(Exercise): Should any entry include an image, skip the image and copy the entry exactly.

(Records contained in a dataset)
BEGIN
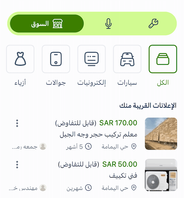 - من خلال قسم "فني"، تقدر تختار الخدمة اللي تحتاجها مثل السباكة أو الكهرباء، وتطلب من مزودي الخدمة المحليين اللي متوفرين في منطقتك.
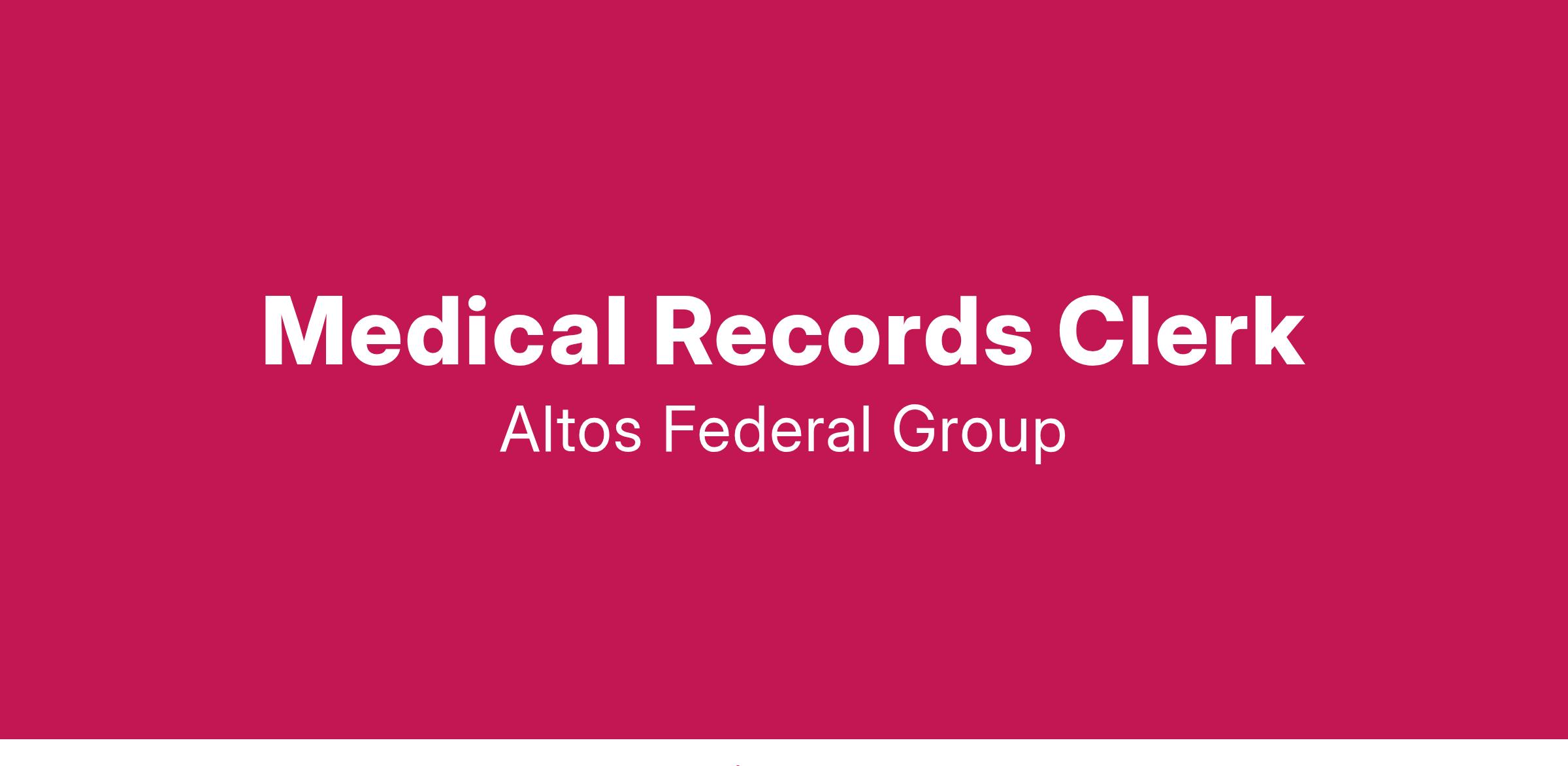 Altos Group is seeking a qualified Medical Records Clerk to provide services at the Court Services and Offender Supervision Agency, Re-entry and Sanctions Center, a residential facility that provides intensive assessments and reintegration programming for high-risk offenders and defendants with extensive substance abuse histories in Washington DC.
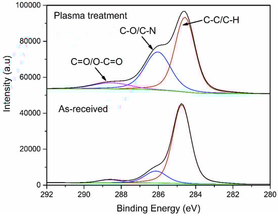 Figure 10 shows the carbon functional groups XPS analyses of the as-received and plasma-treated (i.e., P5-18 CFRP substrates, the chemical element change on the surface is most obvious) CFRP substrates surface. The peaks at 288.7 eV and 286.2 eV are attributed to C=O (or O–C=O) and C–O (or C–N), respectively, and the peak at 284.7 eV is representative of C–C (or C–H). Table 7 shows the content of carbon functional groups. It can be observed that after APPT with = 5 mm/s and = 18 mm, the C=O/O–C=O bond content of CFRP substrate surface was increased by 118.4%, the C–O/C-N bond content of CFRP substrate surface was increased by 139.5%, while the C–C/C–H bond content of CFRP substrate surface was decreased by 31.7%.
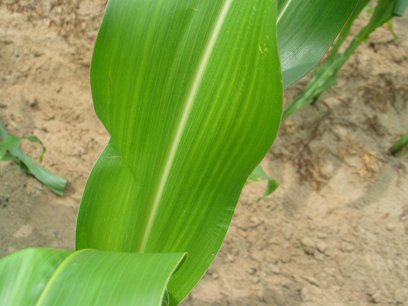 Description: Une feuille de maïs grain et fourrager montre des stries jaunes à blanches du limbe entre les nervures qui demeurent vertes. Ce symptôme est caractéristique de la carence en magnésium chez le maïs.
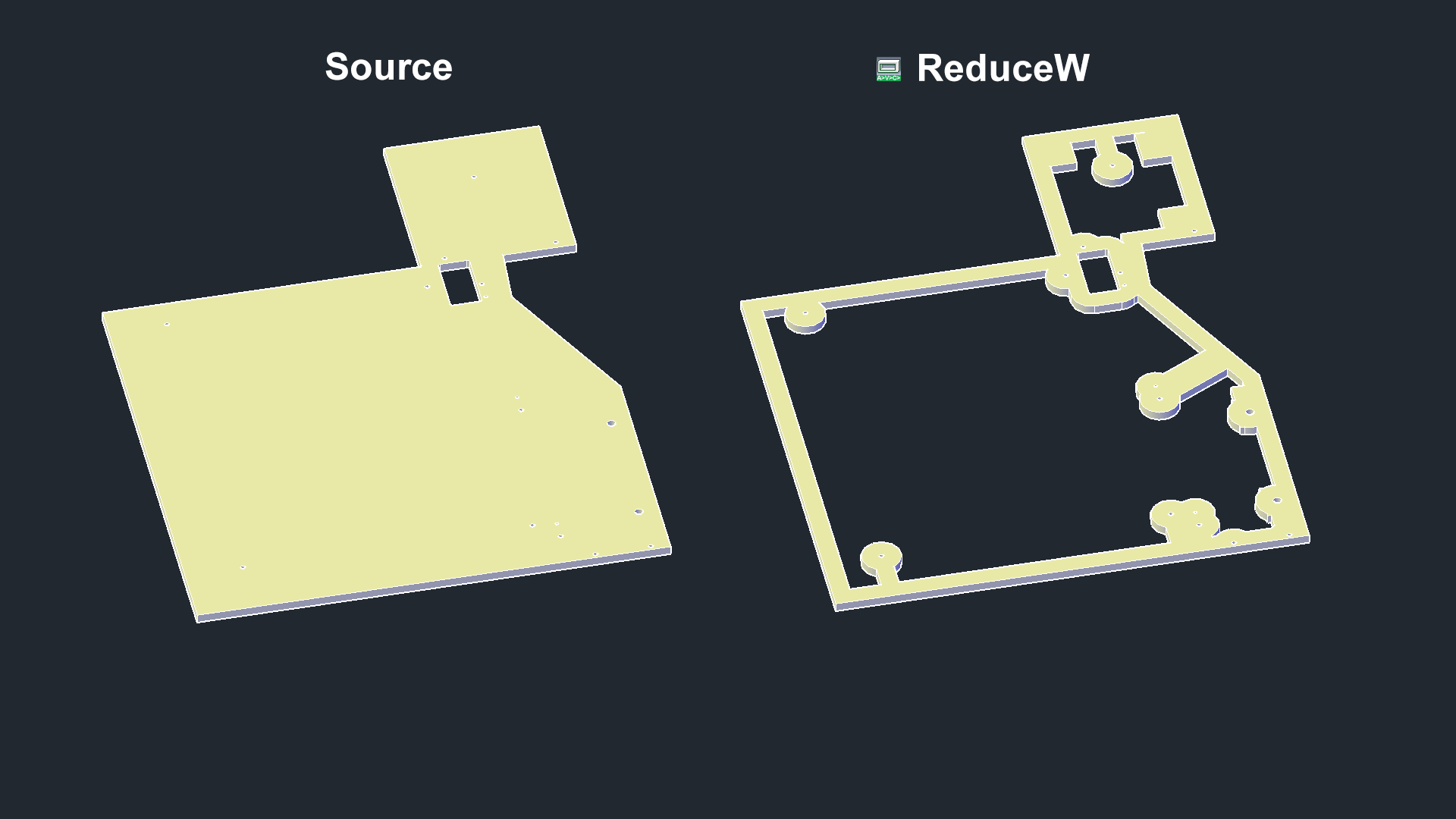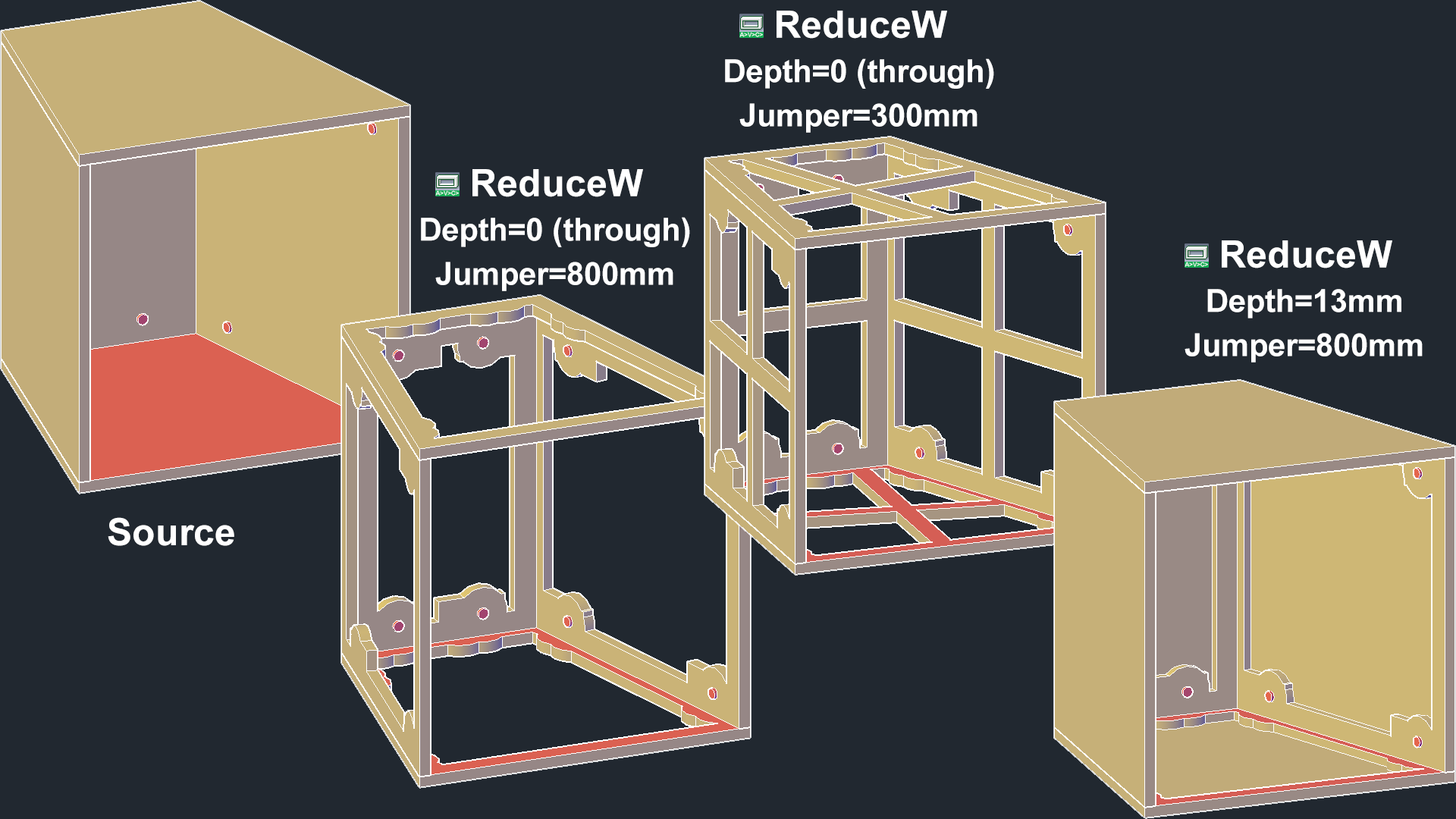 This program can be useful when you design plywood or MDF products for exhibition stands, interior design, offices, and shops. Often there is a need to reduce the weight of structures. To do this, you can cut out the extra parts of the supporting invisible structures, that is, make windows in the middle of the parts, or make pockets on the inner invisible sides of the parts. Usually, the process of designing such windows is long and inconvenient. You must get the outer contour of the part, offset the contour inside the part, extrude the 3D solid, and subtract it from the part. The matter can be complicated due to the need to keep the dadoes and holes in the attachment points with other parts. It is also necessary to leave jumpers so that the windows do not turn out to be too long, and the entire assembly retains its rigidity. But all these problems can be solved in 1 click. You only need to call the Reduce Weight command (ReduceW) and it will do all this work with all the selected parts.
END
(Exercise result):
 - من خلال قسم "فني"، تقدر تختار الخدمة اللي تحتاجها مثل السباكة أو الكهرباء، وتطلب من مزودي الخدمة المحليين اللي متوفرين في منطقتك.
 Altos Group is seeking a qualified Medical Records Clerk to provide services at the Court Services and Offender Supervision Agency, Re-entry and Sanctions Center, a residential facility that provides intensive assessments and reintegration programming for high-risk offenders and defendants with extensive substance abuse histories in Washington DC.
 Figure 10 shows the carbon functional groups XPS analyses of the as-received and plasma-treated (i.e., P5-18 CFRP substrates, the chemical element change on the surface is most obvious) CFRP substrates surface. The peaks at 288.7 eV and 286.2 eV are attributed to C=O (or O–C=O) and C–O (or C–N), respectively, and the peak at 284.7 eV is representative of C–C (or C–H). Table 7 shows the content of carbon functional groups. It can be observed that after APPT with = 5 mm/s and = 18 mm, the C=O/O–C=O bond content of CFRP substrate surface was increased by 118.4%, the C–O/C-N bond content of CFRP substrate surface was increased by 139.5%, while the C–C/C–H bond content of CFRP substrate surface was decreased by 31.7%.
 Description: Une feuille de maïs grain et fourrager montre des stries jaunes à blanches du limbe entre les nervures qui demeurent vertes. Ce symptôme est caractéristique de la carence en magnésium chez le maïs.
 This program can be useful when you design plywood or MDF products for exhibition stands, interior design, offices, and shops. Often there is a need to reduce the weight of structures. To do this, you can cut out the extra parts of the supporting invisible structures, that is, make windows in the middle of the parts, or make pockets on the inner invisible sides of the parts. Usually, the process of designing such windows is long and inconvenient. You must get the outer contour of the part, offset the contour inside the part, extrude the 3D solid, and subtract it from the part. The matter can be complicated due to the need to keep the dadoes and holes in the attachment points with other parts. It is also necessary to leave jumpers so that the windows do not turn out to be too long, and the entire assembly retains its rigidity. But all these problems can be solved in 1 click. You only need to call the Reduce Weight command (ReduceW) and it will do all this work with all the selected parts.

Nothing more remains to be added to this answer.